### What you should do
Using the entries that follow, transcribe only the lines from the line with "その中で6日(土)の暁の無料予想は馬券代5000円で" to the line with "High quality of", both included, exactly as they stand and without pictures.

### Excerpted data
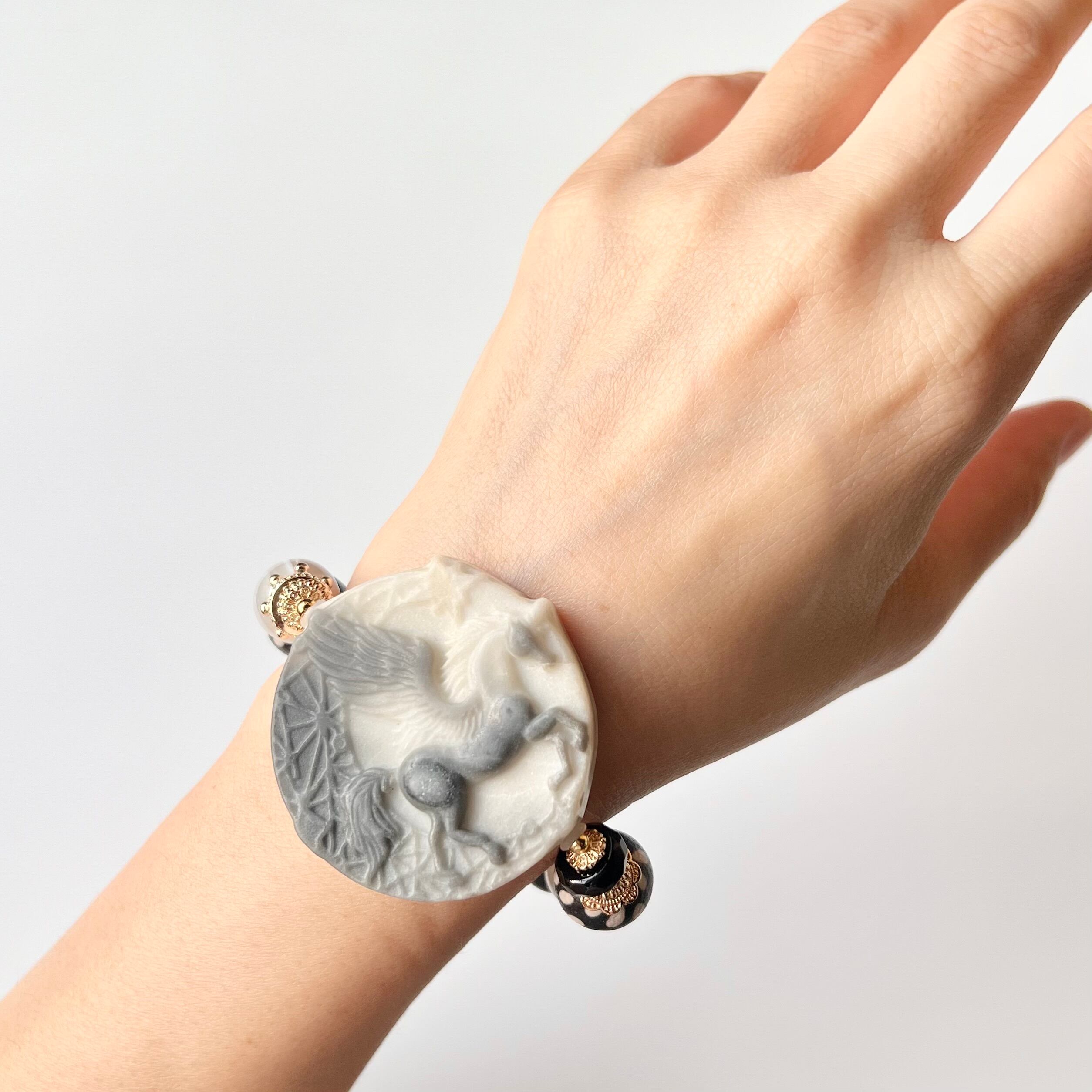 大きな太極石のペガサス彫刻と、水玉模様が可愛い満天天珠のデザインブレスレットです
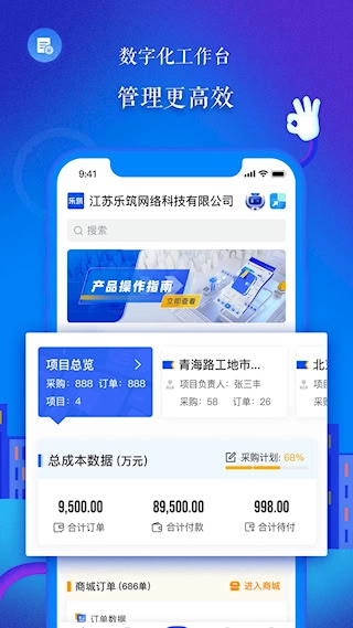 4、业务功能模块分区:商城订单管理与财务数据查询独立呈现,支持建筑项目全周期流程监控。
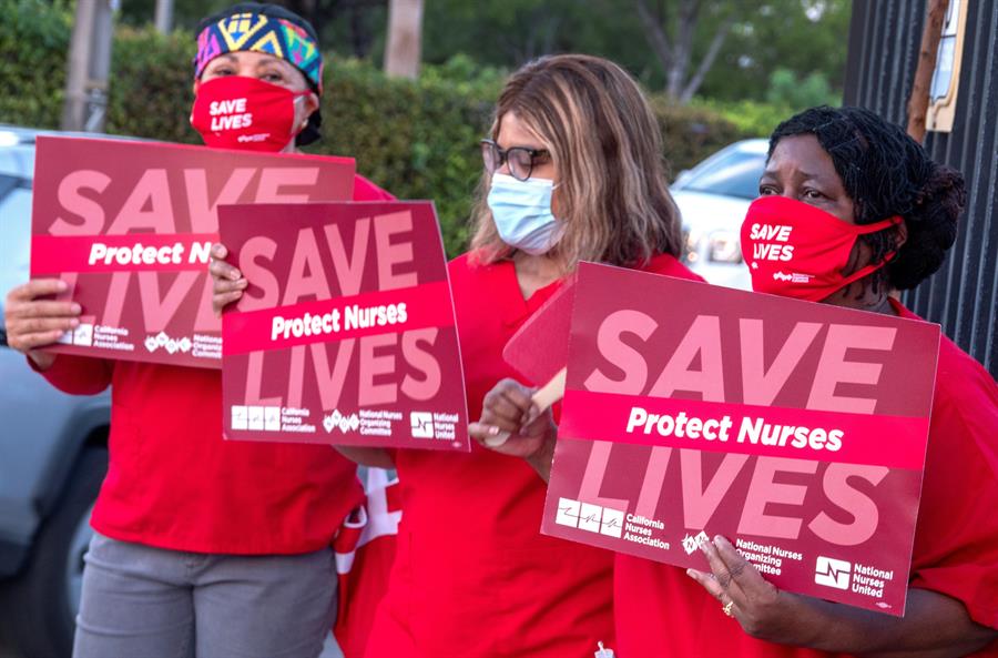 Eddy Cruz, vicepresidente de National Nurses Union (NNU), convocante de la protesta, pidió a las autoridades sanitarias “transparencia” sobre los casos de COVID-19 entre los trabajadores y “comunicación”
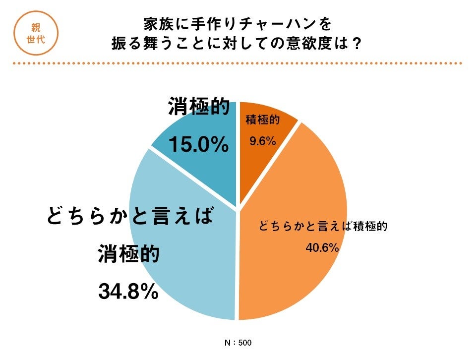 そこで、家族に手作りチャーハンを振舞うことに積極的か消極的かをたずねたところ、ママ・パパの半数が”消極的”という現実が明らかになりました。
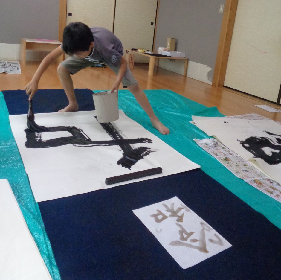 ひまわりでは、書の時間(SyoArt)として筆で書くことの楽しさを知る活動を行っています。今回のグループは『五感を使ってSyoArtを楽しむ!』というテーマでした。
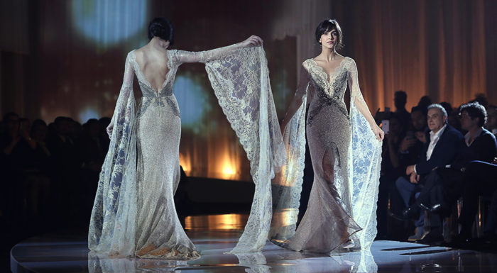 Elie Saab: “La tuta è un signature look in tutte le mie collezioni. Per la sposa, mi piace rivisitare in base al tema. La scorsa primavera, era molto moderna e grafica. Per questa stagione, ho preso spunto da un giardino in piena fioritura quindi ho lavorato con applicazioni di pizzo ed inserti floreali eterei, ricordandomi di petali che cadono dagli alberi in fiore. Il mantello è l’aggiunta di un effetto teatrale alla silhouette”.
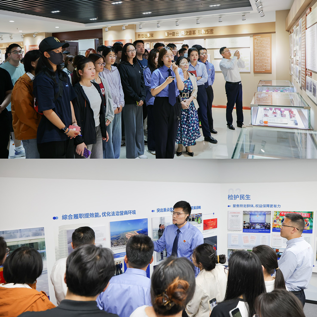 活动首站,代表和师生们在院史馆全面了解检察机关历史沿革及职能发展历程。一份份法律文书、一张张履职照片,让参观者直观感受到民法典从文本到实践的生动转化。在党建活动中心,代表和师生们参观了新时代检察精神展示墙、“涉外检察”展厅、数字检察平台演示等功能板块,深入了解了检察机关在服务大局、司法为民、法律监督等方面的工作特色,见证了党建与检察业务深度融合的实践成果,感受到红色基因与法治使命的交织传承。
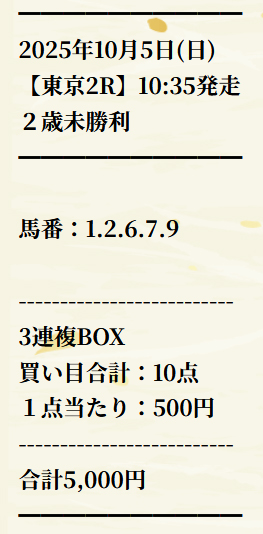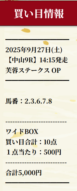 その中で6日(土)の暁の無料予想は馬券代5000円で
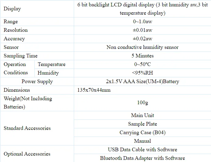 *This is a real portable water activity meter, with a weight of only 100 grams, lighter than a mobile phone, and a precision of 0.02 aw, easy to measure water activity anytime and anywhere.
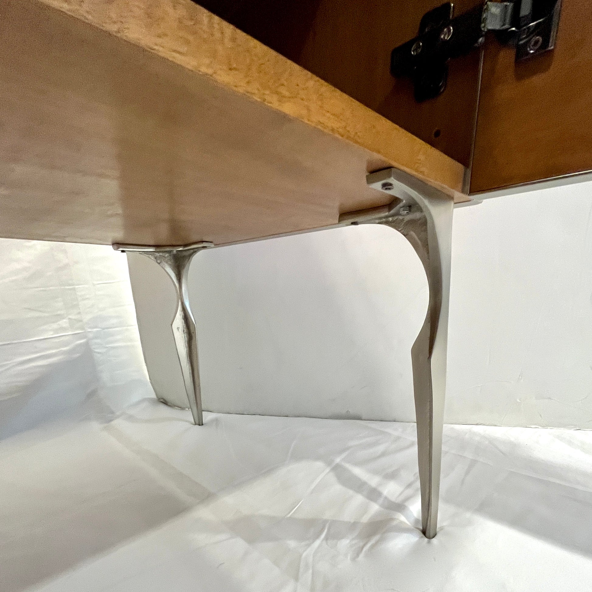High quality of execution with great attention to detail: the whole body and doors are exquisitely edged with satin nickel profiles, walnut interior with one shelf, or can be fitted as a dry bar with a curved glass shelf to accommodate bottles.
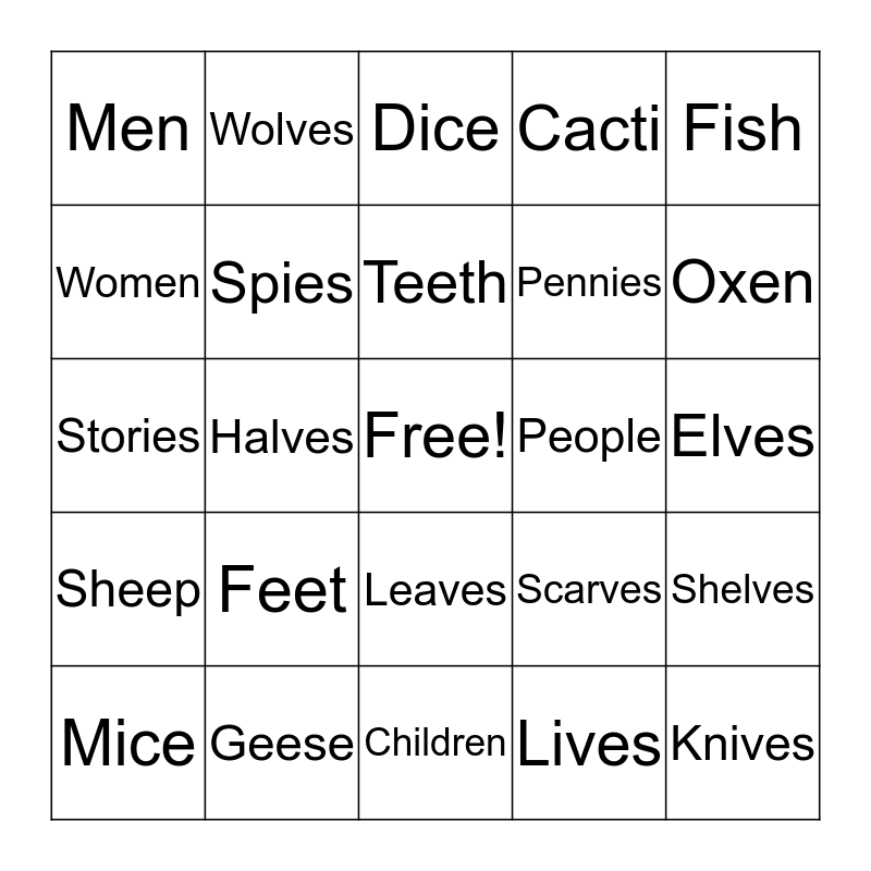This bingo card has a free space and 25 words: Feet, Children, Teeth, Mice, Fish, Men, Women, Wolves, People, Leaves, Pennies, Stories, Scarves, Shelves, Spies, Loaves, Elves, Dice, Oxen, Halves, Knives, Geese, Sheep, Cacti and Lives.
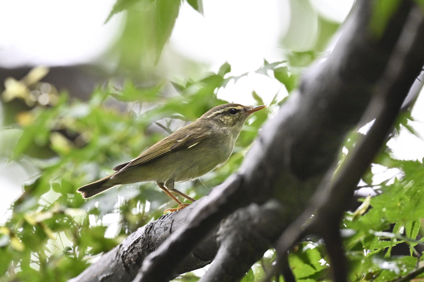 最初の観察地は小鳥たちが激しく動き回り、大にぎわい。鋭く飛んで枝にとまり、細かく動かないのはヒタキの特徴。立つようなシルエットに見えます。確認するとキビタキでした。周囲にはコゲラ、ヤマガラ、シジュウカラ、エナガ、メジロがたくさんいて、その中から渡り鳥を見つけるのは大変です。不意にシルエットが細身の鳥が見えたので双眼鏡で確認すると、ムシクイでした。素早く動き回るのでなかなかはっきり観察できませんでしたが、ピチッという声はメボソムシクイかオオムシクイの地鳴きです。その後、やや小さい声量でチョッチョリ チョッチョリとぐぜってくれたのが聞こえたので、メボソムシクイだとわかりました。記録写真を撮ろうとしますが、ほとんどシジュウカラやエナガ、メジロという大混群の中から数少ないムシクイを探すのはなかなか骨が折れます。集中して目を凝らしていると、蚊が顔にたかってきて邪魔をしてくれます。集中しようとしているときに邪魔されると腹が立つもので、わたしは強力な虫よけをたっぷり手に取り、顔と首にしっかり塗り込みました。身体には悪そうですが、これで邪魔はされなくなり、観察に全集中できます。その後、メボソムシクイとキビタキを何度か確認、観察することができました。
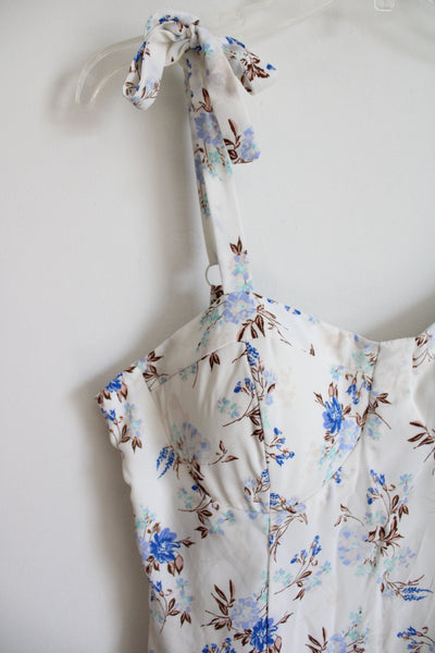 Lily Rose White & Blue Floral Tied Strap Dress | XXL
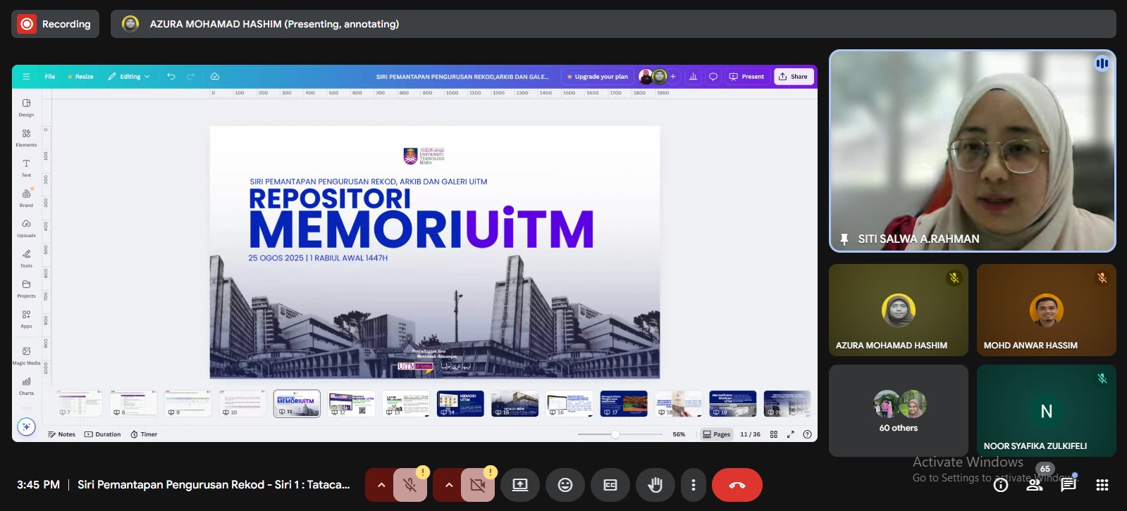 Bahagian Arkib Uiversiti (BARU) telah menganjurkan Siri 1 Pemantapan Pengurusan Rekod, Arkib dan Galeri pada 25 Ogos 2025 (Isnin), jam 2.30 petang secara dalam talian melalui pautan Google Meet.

### Reply
 その中で6日(土)の暁の無料予想は馬券代5000円で
 *This is a real portable water activity meter, with a weight of only 100 grams, lighter than a mobile phone, and a precision of 0.02 aw, easy to measure water activity anytime and anywhere.
High quality of execution with great attention to detail: the whole body and doors are exquisitely edged with satin nickel profiles, walnut interior with one shelf, or can be fitted as a dry bar with a curved glass shelf to accommodate bottles.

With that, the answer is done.